On returning to Pietermaritzburg, Hartley said it was gratifying to see the impact of her bronze medal success in the numbers and level of female paddlers. “The bar had definitely been raised,” she shared.

While numbers in the senior women’s category remain small, Hartley said she is pleased by the talent she sees in the junior ranks. “I definitely see a lot of growth among the youngsters, which is very exciting. That means there is definitely going to be another Bridgitte coming through the ranks.”

The four years since London 2012 have been filled with up and downs, Hartley added, with 2013 being the lowlight. Chicken pox laid her low in May, which meant she wasn’t able to compete on the World Cup circuit.

With only three months’ training behind her, the Natal Canoe Club (NCC) star placed eighth in the A-final at the World Championships. “It was probably the best that I could do. I was grateful for that, but at the same time it was extremely challenging after the high of winning an Olympic medal.”

The following year, 2014, provided another big highlight when Hartley captured a bronze medal at the World Championships in Moscow.

“I think it is the first Olympic distance World Championships medal that a South African or African paddler has ever received,” Hartley said. “It put me back on track and gave me more confidence. It showed that some of the training I had done was paying off.”

Being back in an OIympic year is tough, she reckoned. “It’s always tough in an Olympic year, especially after competing in the World Cups again and seeing the level of the paddlers and how many are in really good shape.

“However, I know a lot of them had selection trials a week before the World Cups, which meant if they didn’t perform they didn’t get a ticket to Rio, whereas – not that I am complacent – I didn’t have to peak for the World Cups.

“It gave me a bit of a shock. I think because the other girls have had to be that fast right now. I’m hoping their percentage increase in speed between now and Rio is quite small. I have a lot of things to improve on, and I am sure I can improve by those small increments, which make me that much closer to them.”

Since London 2012, Hartley has enjoyed an excellent support structure in Pietermaritzburg. “Camps Drift is a really good piece of water because it is straight and you can get a lot of good sessions in, in really good conditions most of the time,” she said.

“There’s also the bonus of having the NCC gym there and someone to help us, set up through the [KwaZulu-Natal Department of Sport and Recreation’s] Prime Institute and Elite Athlete Development Programmes.

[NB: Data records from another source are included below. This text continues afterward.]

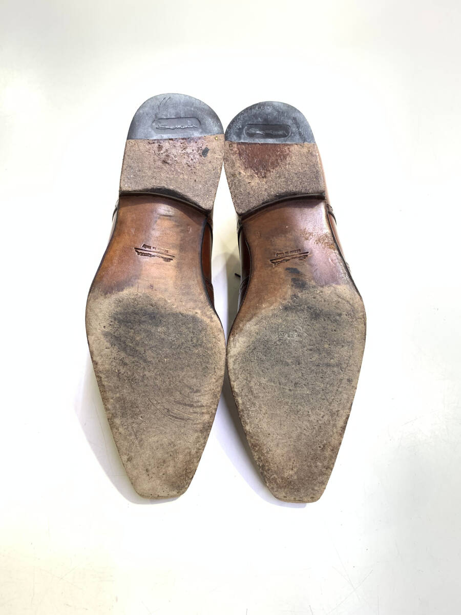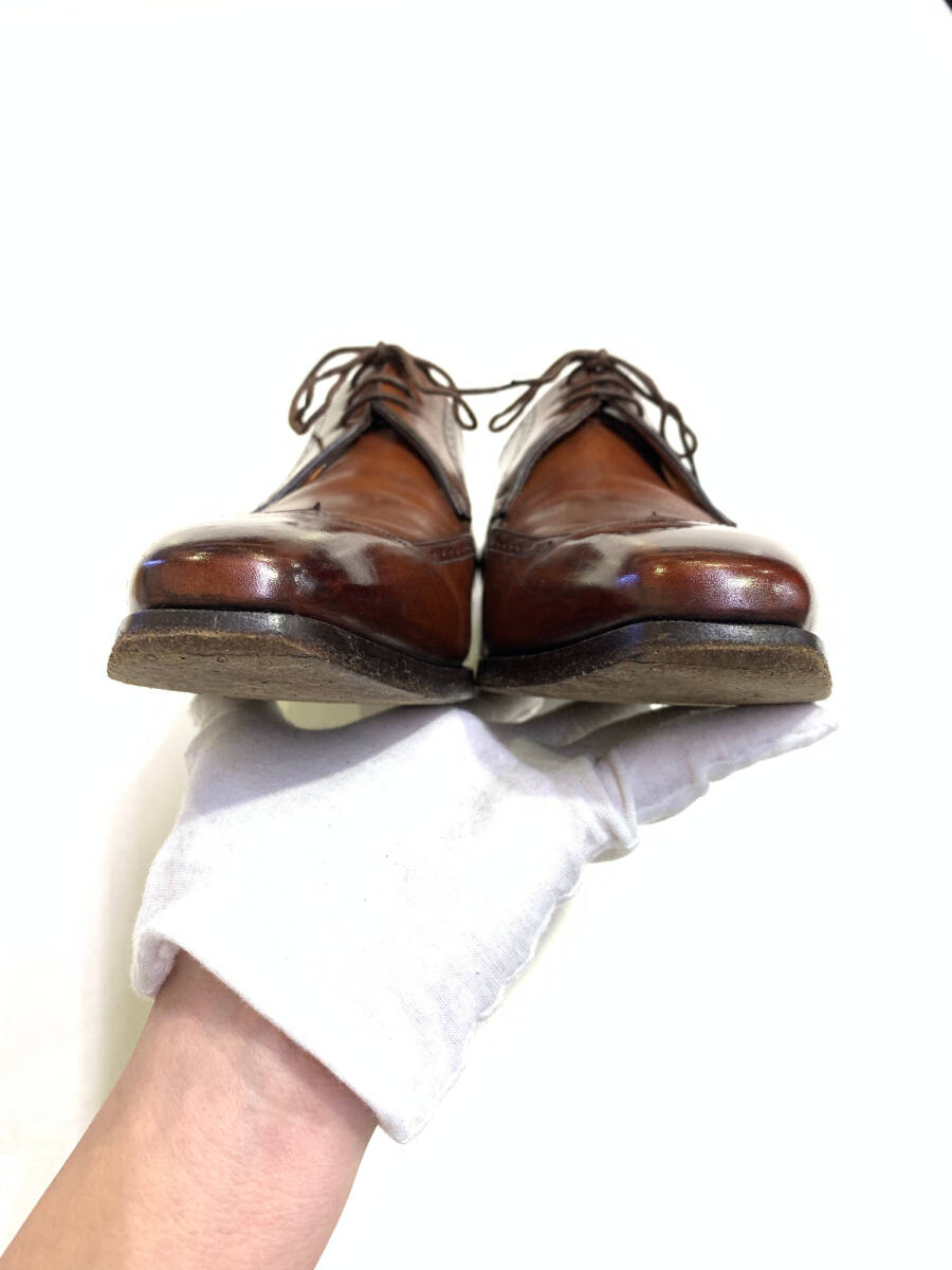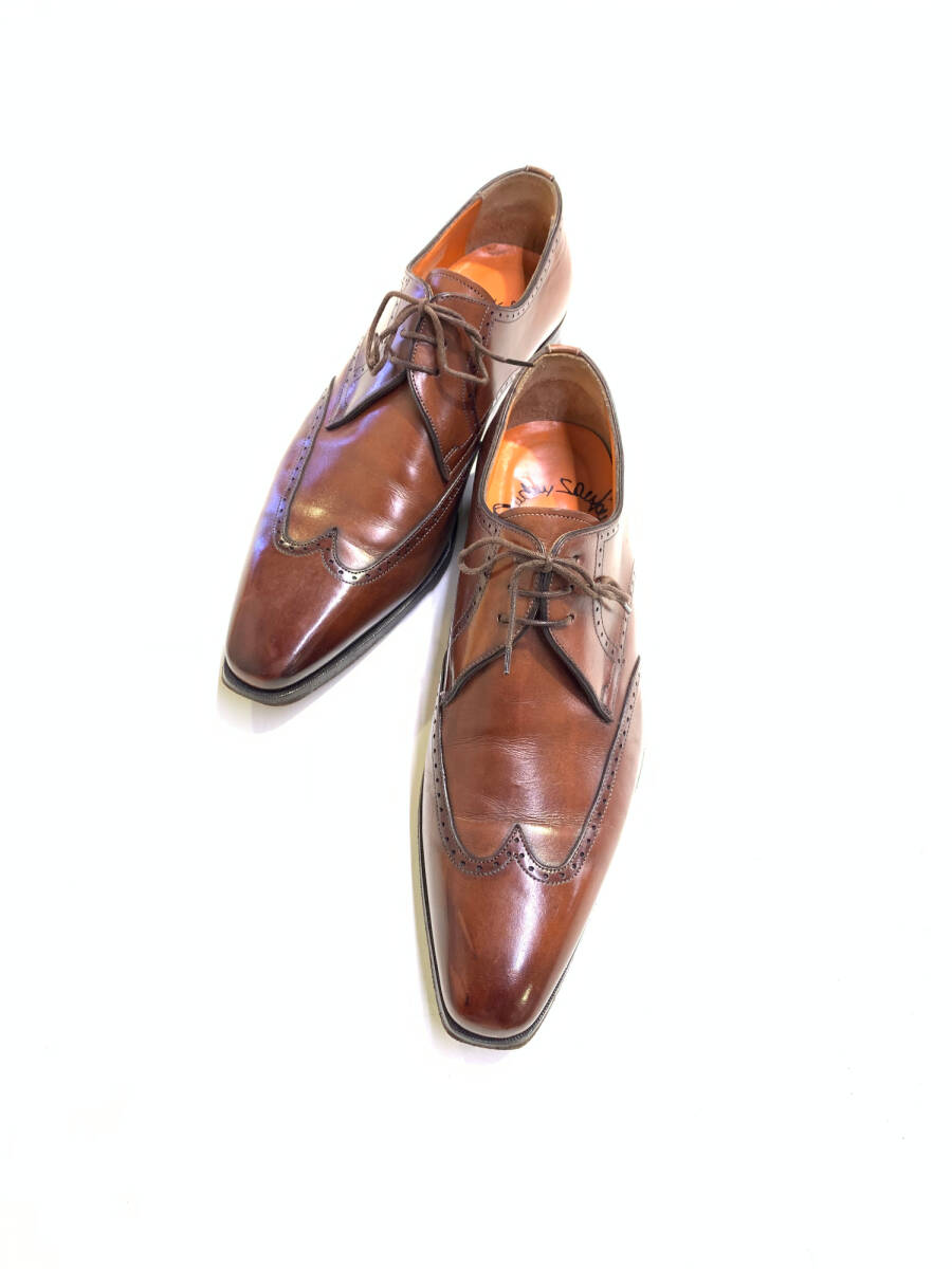 SANTONI 7646 サイズ6(24.5cm程度) 外羽根 ロングノーズ WINGTIP LEATHER SHOES BROWN シューキーパー付
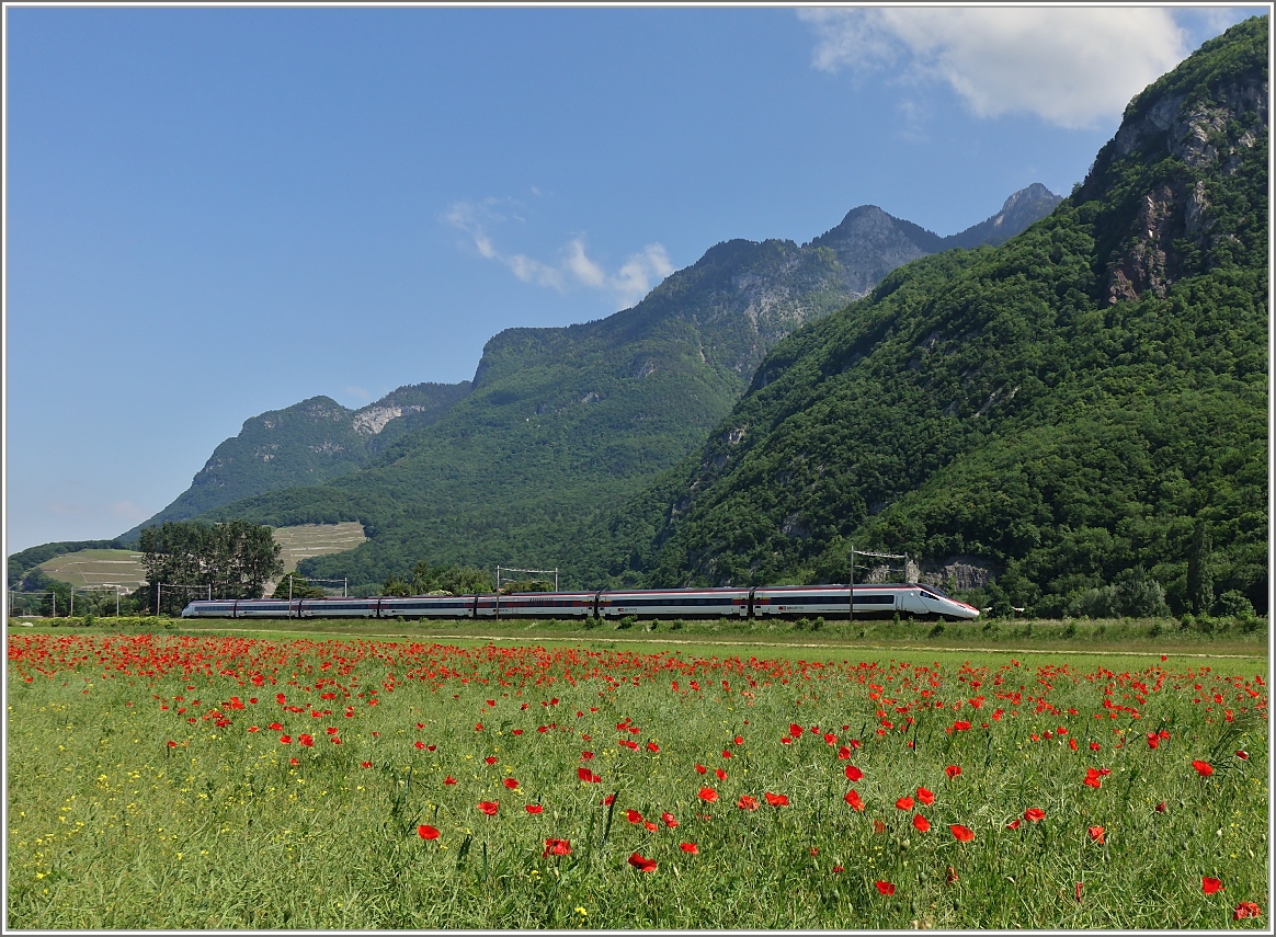 Vorbei an einem Mohnblumenfeld fährt der EC 32 zwischen Yvorne und Roche (VD) in Richtung Genf. (27.05.2015) (voir l'image)
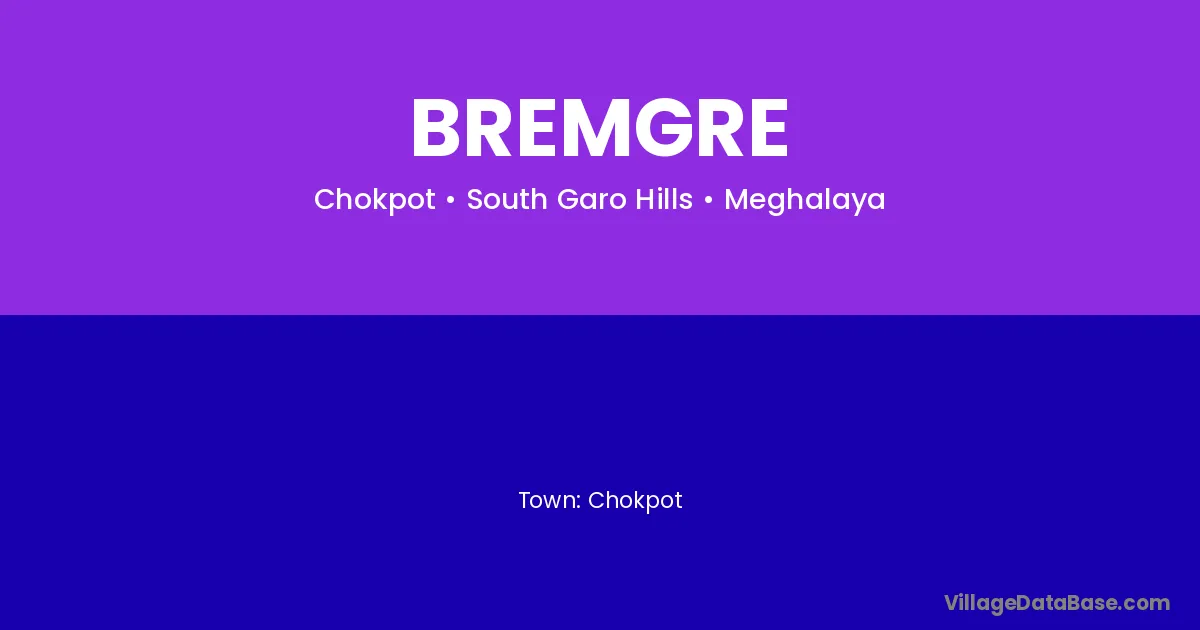 Bremgre village is located in the Chokpot Subdivision of the South Garo Hills district in Meghalaya .
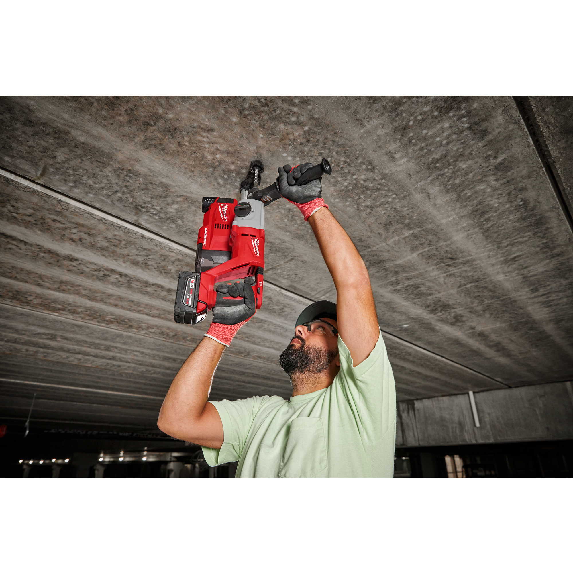 The MILWAUKEE® M18™ Brushless 1” SDS Plus D-Handle Rotary Hammer delivers Corded Power & More Productivity without the hassle of cords. The Milwaukee cordless rotary hammer drills 3/8” x 2” holes faster than corded D-Handle rotary hammers. The Brushless motor delivers 1.95 ft-lbs of impact energy, 1,270 RPM, and 4,580 BPM. The in-line D-Handle design allows access in tight spaces and provides superior balance and ergonomics for downward drilling. Milwaukee AVS Anti-Vibration System minimizes vibration for maximum comfort. The lightweight design of this tool reduces user fatigue throughout the work day at 6.9 lbs when paired with the Milwaukee M18™ REDLITHIUM™ XC5.0 Battery (not included). The Milwaukee M18™ Brushless 1” SDS Plus D-Handle Rotary Hammer drills up to (100) 3/8”x 2” holes per charge when paired with the M18™ REDLITHIUM™ XC5.0 battery (not included). For onboard OSHA Table 1 Compliance, pair with the MILWAUKEE® M12™ HAMMERVAC™ Universal Dust Extractor (2509-22). This Milwaukee cordless D-Handle rotary hammer is a part of the M18™ System, which is fully compatible with over 250 solutions.

There are regular physio sessions, sports psychologists and dieticians. It has been really great. The funding has been more than I have ever had before. ”

Hartley is training under leading South African sprint coach Craig Mustard, who is based at NCC, and has also been receiving input from Brazilian coach Thiago Borges, who has provided her with programmes and technical assistance.

Starts have been one of her weak points in the past, but she has been working on them. “By the time we come to Rio I will possibly get it right, but I also know that I will never win the race out of the starting blocks or at the 250 metre mark,” she said.

“It’s all about trying to be closer to the other girls after the first 250 metres and then finishing the race strongly. It’s just the way I have always raced. It’s the best race plan going forward.”


Bridgitte holds the world record for the fastest 500m K1 ever, having clocked 1:46.906 in World Cup competition at Szeged, Hungary, in 2011. Incredibly, it was achieved in a B-final!

Bridgitte also owns national colours in canoe marathon racing. She was crowned South African champion in 2015 and finished 12th at the World Championships in Győr, Hungary. She has previously finished in the top five at the World Championships.

As a schoolgirl, she competed at a national level in gymnastics on the uneven bars.

Bridgitte preferred surfing to canoeing while in school and placed as high as fourth in the under-16 division of the Roxy Pro.

She has swum the Midmar Mile six times.